If you watch reality and other programs (even drama) there is a huge swing over to handheld and natural camera motion in these shows and maybe this makes them more human (also less costly to produce as the cameraman hoists a camera on his shoulder and films instead of setting up dolly tracks) Even the multicam aspect seems to have gone and a two shot uses one camera with a wobbly fast pan from person to person and back again. I know a lot of videographers are out to achieve the perfect stable shot but even top BBC docs you can see the wobbles if you watch the top frame and see it move all over...obviously acceptable to viewers as they are still on the air.

Whether brides want a technically perfect wedding shoot or whether they want something natural is hard to decide ... I'm still shooting natural with no sliders and minimum tripod and maximum interaction.

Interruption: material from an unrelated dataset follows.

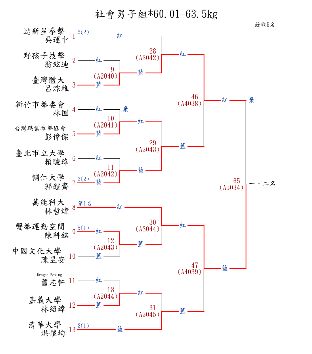 | 320 | 社會男子組*60.01-63.5kg ( 13取6 ) 圖 | 第 1 名 | [] 萬能科大 {萬能科大} | 林哲煒 | |

What I REALLY think is the bride is so engrossed in seeing how stunning her dress is and how good her bridal party look she couldn't care less about technical issues that the poor cameraman has struggled to achieve.

Chris

Don Bloom
March 29th, 2013, 08:12 AM
I have always tried to avoid pans, tilts and zooms in my edit especially in the ceremony BUT...having said that, if used properly and in context, IOW, don't show a swish pan or a crash zoom just to show it, it can be an effective tool. Again not so much in the ceremony but for the dancing portion of the reception, for the prep and preceremony and for the post ceremony time, used sparingly and in the vein of the music that is being used, the mood that's trying to be set, it can work.
I've said for years, when shooting any job or any portion of any job, I don't care how many cameras are running, I always shoot as if there are NO other cameras going (except TV work since I KNOW there will be others not just running but actually getting a shot) other than the one that I have my hands on, so if I have to do a pan, tilt or zoom, I try to do it in a slow controlled method.
Styles change, technology changes, but people don't. I think they still want solid stable footage properly exposed and composed! After that, it's a matter of what style, doc or cinematic but the most fantastic style means nothing with out good footage! So what's important? To me, it the quality of the footage not the style. One has nothing to do with the other.